Webseite: www.farbfilm-verleih.de

Originaltitel: Mijn bijzonder rare week met Tess
Niederlande/Deutschland
Regie: Steven Wouterlood
Drehbuch: Laura van Dijk (nach dem gleichnamigen Buch von Anna Woltz)
Darsteller: Jennifer Hoffman, Julian Ras, Hans Dagelet, Guido Pollemans, Terence Schreurs, Tjebbo Gerritsma, Sonny Coops Van Utteren, Josephine Arendsen, Johannes Kienast, Suzan Boogaerdt
Jahr: 2019
84 Minuten
Verleih: farbfilm verleih
Kinostart: 3. September 2020

FILMKRITIK:

Sam übt das Alleinsein. Als jüngstes Mitglied seiner Familie ist ihm klar geworden, dass er einmal ganz allein auf der Welt sein wird, denn mit großer Wahrscheinlichkeit werden alle anderen vor ihm sterben. Da kann er jetzt schon mal mit dem Training anfangen.
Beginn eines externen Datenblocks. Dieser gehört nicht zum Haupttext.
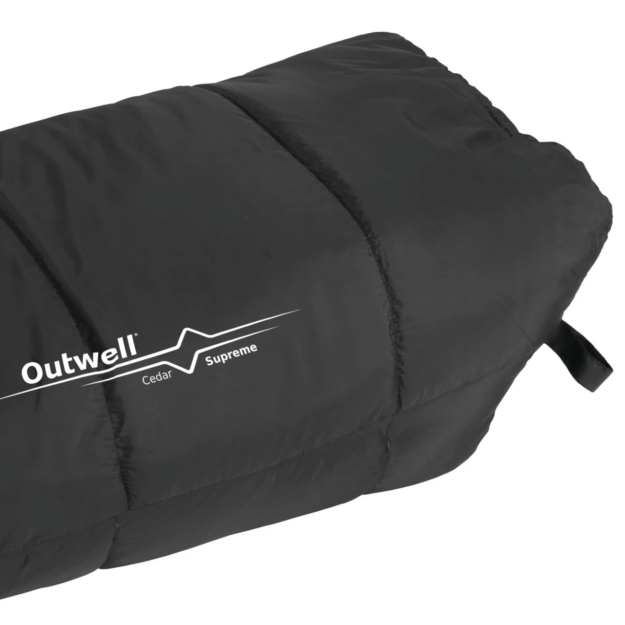Der Outwell Cedar Supreme ist ein 3-4 Jahreszeitenschlafsack mit einer silikonbeschichteten Hohlfaser-Füllung, die für eine optimale Wärme und Isolation sorgt. Durchgehende, isolierte Reißverschlussabdeckung, isolierter Wärmekragen, Fußsack in Haiflossenform, 3D Mumienkapuze und eine an die Körperkontur angepasste Schlafsackform sind weitere Features, die dafür sorgen, dass das Wärme-Gewicht-Verhältnis optimal ausgenutzt wird. Kapuzenkordelzüge in verschiedenen Stärken ermöglichen ein einfaches Anpassen mit nur einem Griff. Mit dem hochwertigen Zwei-Wege-Reißverschluss kann man außerdem ganz einfach für eine leichte Belüftung im unteren Bereich des Schlafsacks sorgen. Mit dem, im Lieferumfang enthaltenen Kompressions-Packsack, kann man den Schlafsack einfach und klein verpacken.

So ein Urlaub am Meer könnte sich dafür ganz hervorragend eignen, zumal aus dem geplanten Strandspaß ohne Ende mit der ganzen Familie nichts wird, weil sich Sams älterer Bruder erstmal gleich den Fußknöchel bricht. Als Sam zufällig die obercoole Tess kennenlernt, nimmt sein Urlaub allerdings schon wieder eine Wende, mit der er absolut nicht gerechnet hat. Tess ist genau das Gegenteil des schüchternen Sam – das Musterbild einer experimentierfreudigen und gleichzeitig überaus energischen jungen Dame, deren Charme man nur schwer widerstehen kann. Ehe er sich’s versieht, macht Tess ihn zum Sparringspartner beim Tanztraining, und es dauert nicht lange, bis er ihr Komplize wird. Denn Tess hat heimlich das große Geheimnis ihrer Mutter gelüftet und herausgefunden, wer ihr Vater ist. Und nun hat sie den Betreffenden, selbstverständlich, ohne ihre ahnungslose Mutter zu informieren, mithilfe eines todsicheren Plans auf die Nordsee-Ferieninsel eingeladen, weshalb es ganz praktisch ist, dass Sam aufgekreuzt ist, denn Tess braucht dringend einen Verbündeten.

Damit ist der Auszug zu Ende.